● **Data section**:
■ ■ ■ ■ ■ ■ ■

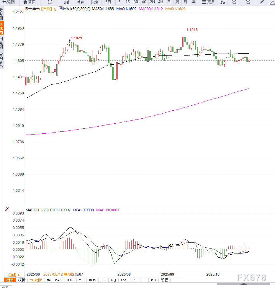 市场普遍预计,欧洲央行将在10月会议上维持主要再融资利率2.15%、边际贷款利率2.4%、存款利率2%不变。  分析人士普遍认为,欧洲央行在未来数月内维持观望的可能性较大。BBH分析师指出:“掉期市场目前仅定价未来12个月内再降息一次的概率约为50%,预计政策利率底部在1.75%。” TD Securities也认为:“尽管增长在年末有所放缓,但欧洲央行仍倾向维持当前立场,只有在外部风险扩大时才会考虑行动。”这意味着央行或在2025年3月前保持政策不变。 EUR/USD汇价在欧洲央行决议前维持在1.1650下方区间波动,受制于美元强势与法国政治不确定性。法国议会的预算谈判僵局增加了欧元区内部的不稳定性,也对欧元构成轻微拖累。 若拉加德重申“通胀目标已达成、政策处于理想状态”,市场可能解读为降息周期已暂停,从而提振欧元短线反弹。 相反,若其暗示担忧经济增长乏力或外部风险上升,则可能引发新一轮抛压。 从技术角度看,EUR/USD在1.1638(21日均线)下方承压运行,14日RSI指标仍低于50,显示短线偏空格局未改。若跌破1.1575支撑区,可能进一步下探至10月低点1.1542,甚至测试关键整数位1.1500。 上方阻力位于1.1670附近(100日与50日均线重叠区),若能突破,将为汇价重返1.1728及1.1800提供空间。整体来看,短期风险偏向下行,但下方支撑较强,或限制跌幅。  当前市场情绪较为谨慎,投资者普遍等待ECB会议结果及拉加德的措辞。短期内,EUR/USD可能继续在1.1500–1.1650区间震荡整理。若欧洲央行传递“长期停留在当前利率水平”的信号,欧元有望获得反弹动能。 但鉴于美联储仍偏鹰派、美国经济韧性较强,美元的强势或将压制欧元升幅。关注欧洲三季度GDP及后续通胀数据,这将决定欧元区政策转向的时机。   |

■ ■ ■ ■ ■ ■ ■

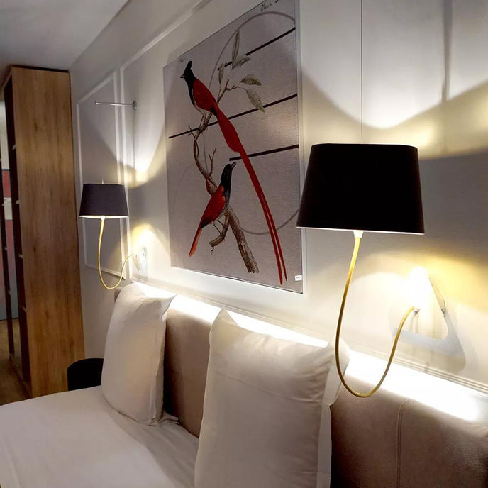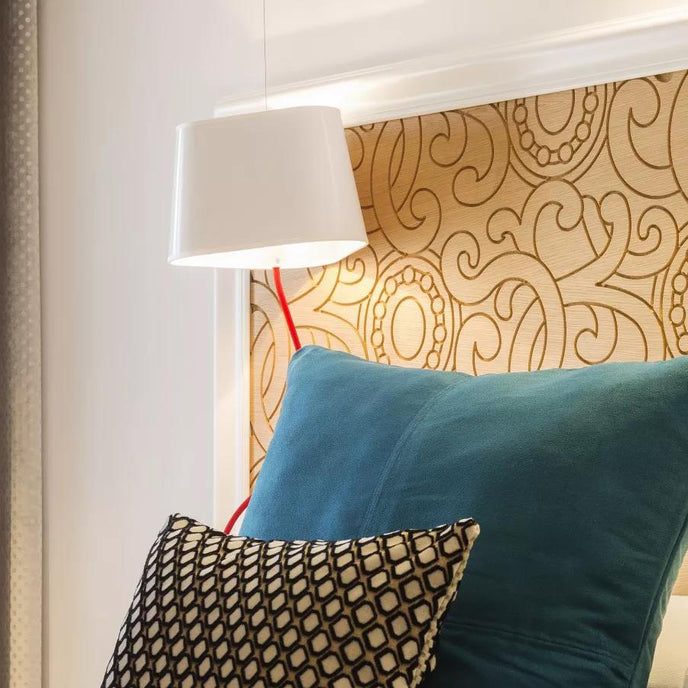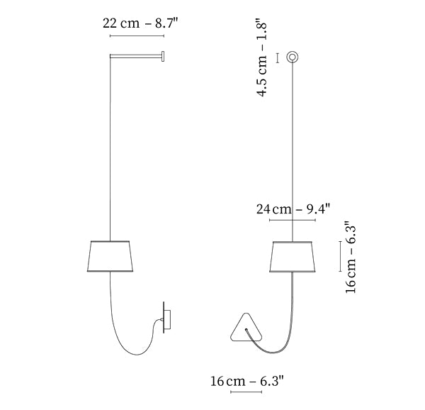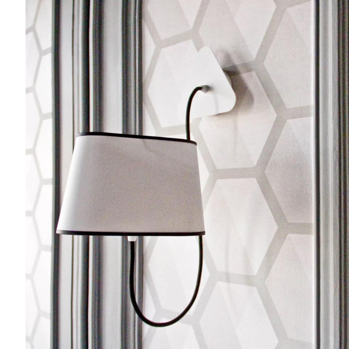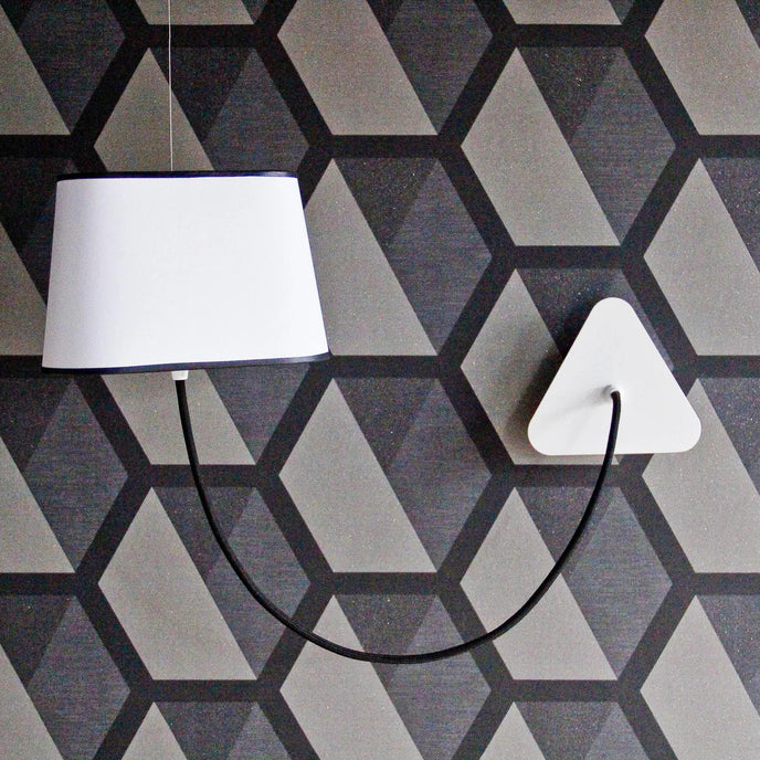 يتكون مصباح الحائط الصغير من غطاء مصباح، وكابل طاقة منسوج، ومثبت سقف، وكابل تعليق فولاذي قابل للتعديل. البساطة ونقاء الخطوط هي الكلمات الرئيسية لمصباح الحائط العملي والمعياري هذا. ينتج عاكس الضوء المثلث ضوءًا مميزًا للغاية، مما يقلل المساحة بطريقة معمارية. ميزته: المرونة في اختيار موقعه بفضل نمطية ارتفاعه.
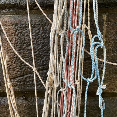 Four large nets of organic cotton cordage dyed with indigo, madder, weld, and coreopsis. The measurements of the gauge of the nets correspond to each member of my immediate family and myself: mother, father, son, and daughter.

■ ■ ■ ■ ■ ■ ■

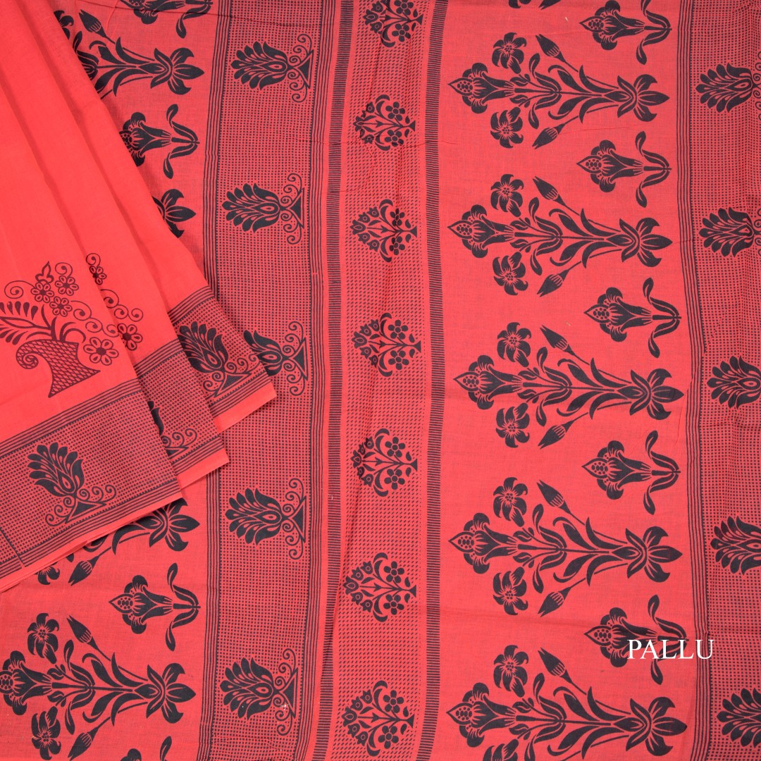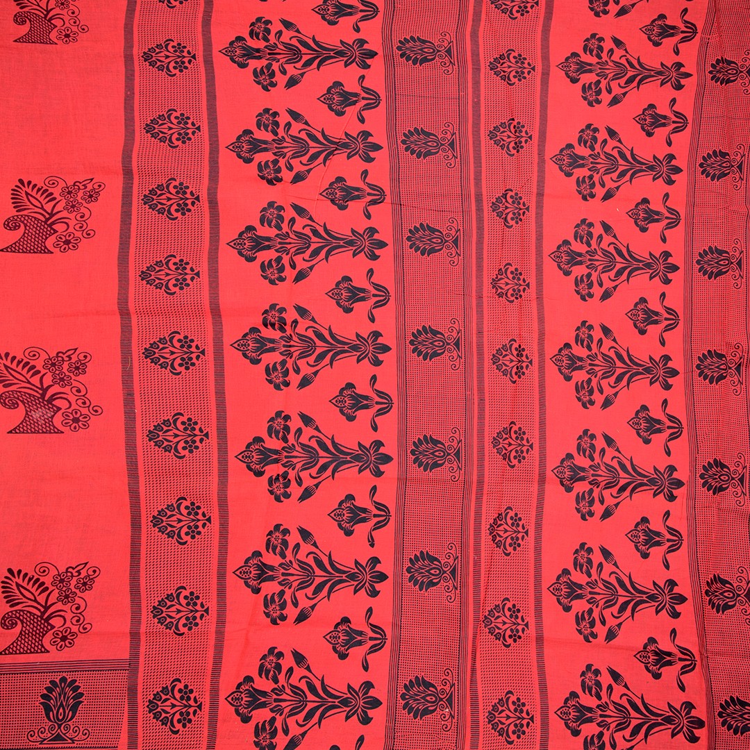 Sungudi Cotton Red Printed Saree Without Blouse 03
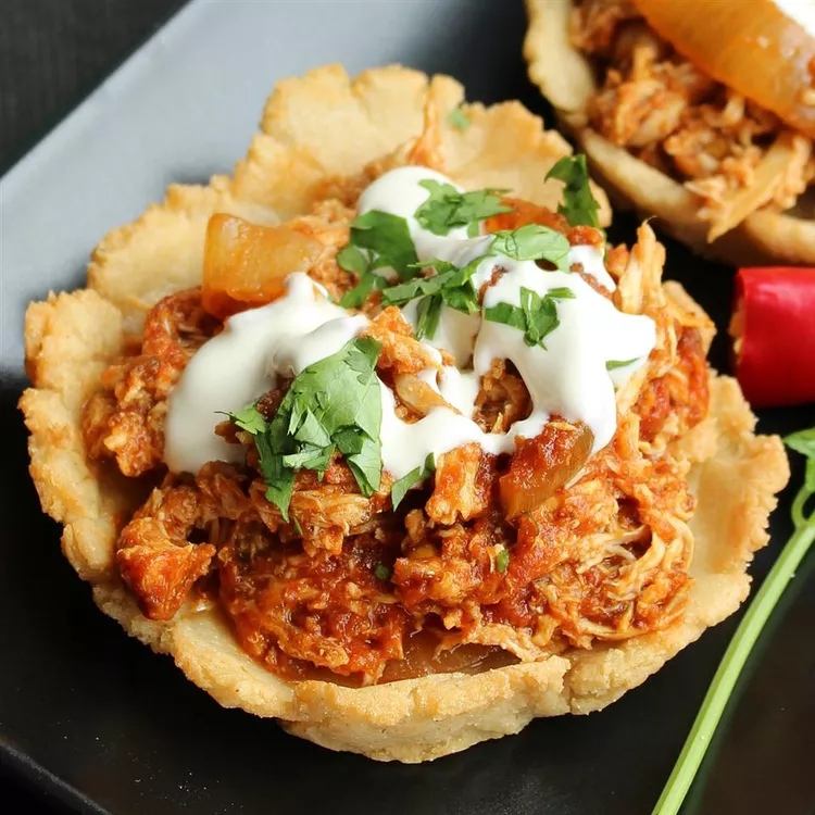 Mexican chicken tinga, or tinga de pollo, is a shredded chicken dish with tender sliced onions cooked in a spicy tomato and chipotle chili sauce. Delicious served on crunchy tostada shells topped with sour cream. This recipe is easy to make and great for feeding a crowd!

■ ■ ■ ■ ■ ■ ■

● **Goal of the exercise**:
Could you write out exactly the lines of the data above that run from the one holding "يتكون مصباح الحائط" to the one holding "Four large nets", with both ends in and all pictures out?

● **Output for this exercise**:
 يتكون مصباح الحائط الصغير من غطاء مصباح، وكابل طاقة منسوج، ومثبت سقف، وكابل تعليق فولاذي قابل للتعديل. البساطة ونقاء الخطوط هي الكلمات الرئيسية لمصباح الحائط العملي والمعياري هذا. ينتج عاكس الضوء المثلث ضوءًا مميزًا للغاية، مما يقلل المساحة بطريقة معمارية. ميزته: المرونة في اختيار موقعه بفضل نمطية ارتفاعه.
 Four large nets of organic cotton cordage dyed with indigo, madder, weld, and coreopsis. The measurements of the gauge of the nets correspond to each member of my immediate family and myself: mother, father, son, and daughter.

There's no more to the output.